Having determined that the proposed amendment to add allegations regarding the failure to give notice as mandated by the NYFCRA can only be interposed by the three named plaintiffs and any putative class members whose claims are not time barred, it is necessary to address whether proposed Counts IV and V, as written, accurately reflect the 8/16/12 decision's rulings.

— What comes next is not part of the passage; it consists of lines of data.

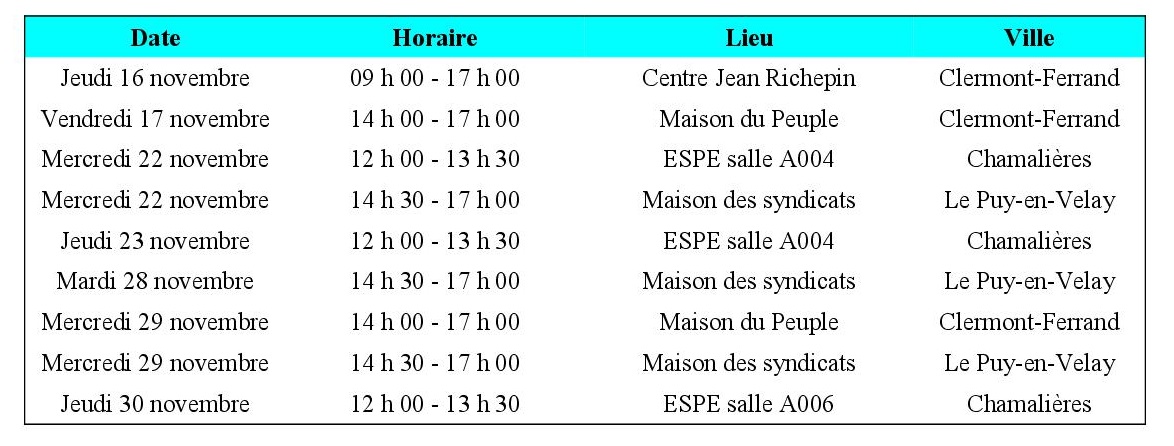 Rappel : stage « mutations-carrières » spécial stagiaires jeudi 16 novembre de 9 h 00 à 16 h 30 au Centre Jean Richepin à Clermont-Fd. Voir détails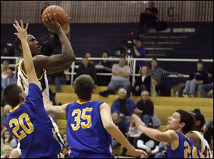 Whitmer's Nigel Hayes (23) shoots over Findlay defenders in a non-league high school boys basketball game Feb. 16, 2011, in Toledo, Ohio.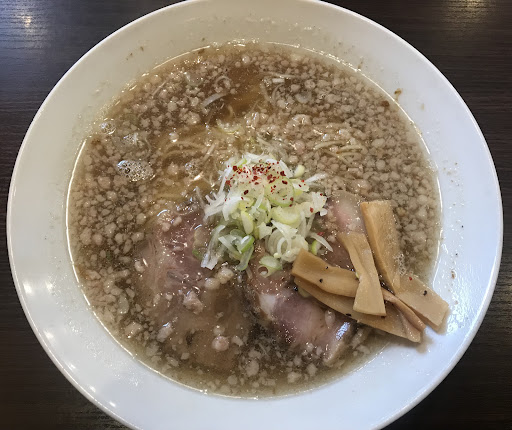 スープから煮干し風味が漂って来ます。 細麺ストレート系な麺と背脂煮干しが あっさりながらしっかりとした旨味を感じるラーメンです。

Proposed Count IV, delineated in the original complaint as "Willfully Obtaining Consumer Reports Without A Permissible Purpose", is renamed "Willfully Obtaining Consumer Reports Without Authority." The proposed amendment adds the new allegation that defendants failed to give plaintiffs notice as the NYFCRA requires (AC ¶ 88). Defendants correctly note that plaintiffs, notwithstanding their` attempt to "streamline" the complaint to reflect the current case posture, also continue to improperly allege that all of the defendants wilfully obtained their CCRs without a permissible purpose (AC ¶ 88), despite the fact that the 8/16/12 decision dismissed this claim entirely. The proposed amendment is granted subject to the removal of this offending language and, upon deletion of same, reference to the class and the individual defendants may remain, as the 8/16/12 decision did not address the merits of this newly alleged failure to notify claim as against the individual defendants or on behalf of the class.

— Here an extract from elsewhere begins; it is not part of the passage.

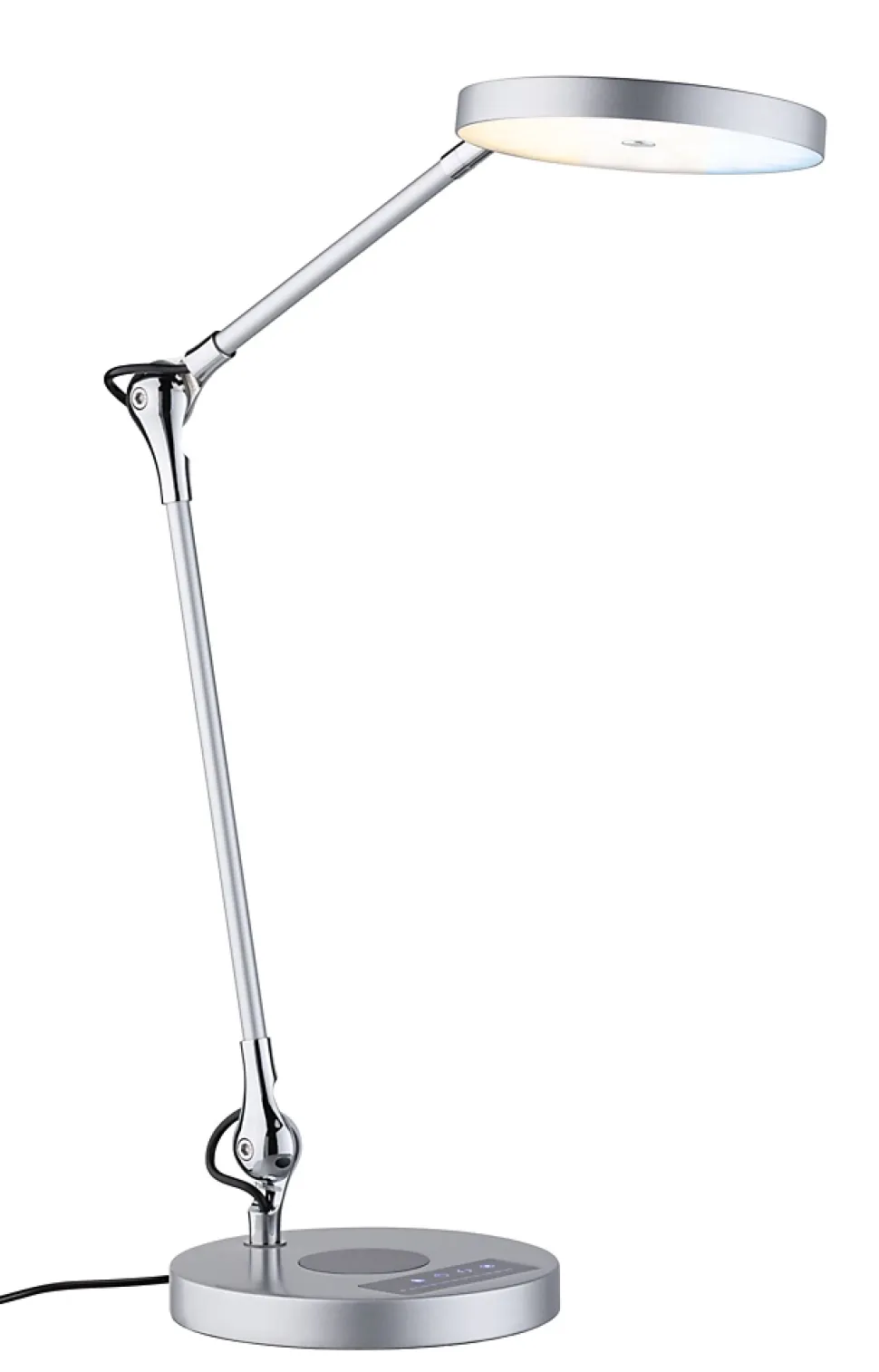 Le luminaire de bureau Numis est polyvalent ! Son coloris Argent intemporel est très beau sur un bureau. Sa position peut être précisément définie à l’aide des deux articulations. Sur le pied du luminaire se trouvent plusieurs commandes, dont la gradation en continu de la lumière ainsi que le choix entre blanc chaud et blanc lumière du jour.

Proposed Count V is the negligent counterpart to proposed Count IV. The 8/16/12 decision left the cause of action for negligent impermissible access against NLS in tact but dismissed it as to the individual defendants and denied class certification thereon. Proposed Count V does not reflect the foregoing (see AC ¶ 95). Plaintiffs also propose to add allegations pertaining to the alleged violation of GBL §380-b(b) within the same cause of action and paragraph as the impermissible access allegations. However, for the same reasons cited in the above analysis of proposed Count IV, the new lack of notice allegations, unlike the negligent impermissible access allegations against NLS, may be alleged against the individual defendants and on behalf of the class. Amendment is thus granted subject to the removal of the negligent impermissible access allegations on behalf of the class as against the individual defendants.
For all of the foregoing reasons, it is
ORDERED that plaintiffs' motion to amend is granted to the extent set forth herein, and is otherwise denied; and it is further
ORDERED that plaintiffs shall serve the proposed amended complaint, revised in accordance with the terms of this decision and order, so as to be received on or before August 19, 2013.
Counsel for the parties shall appear for a status conference on September 10, 2013 at 9:30 a.m., at 60 Centre Street, Room 325, New York, New York.
The foregoing is this court's decision and order. Courtesy copies of this decision and order have been provided to counsel for the parties.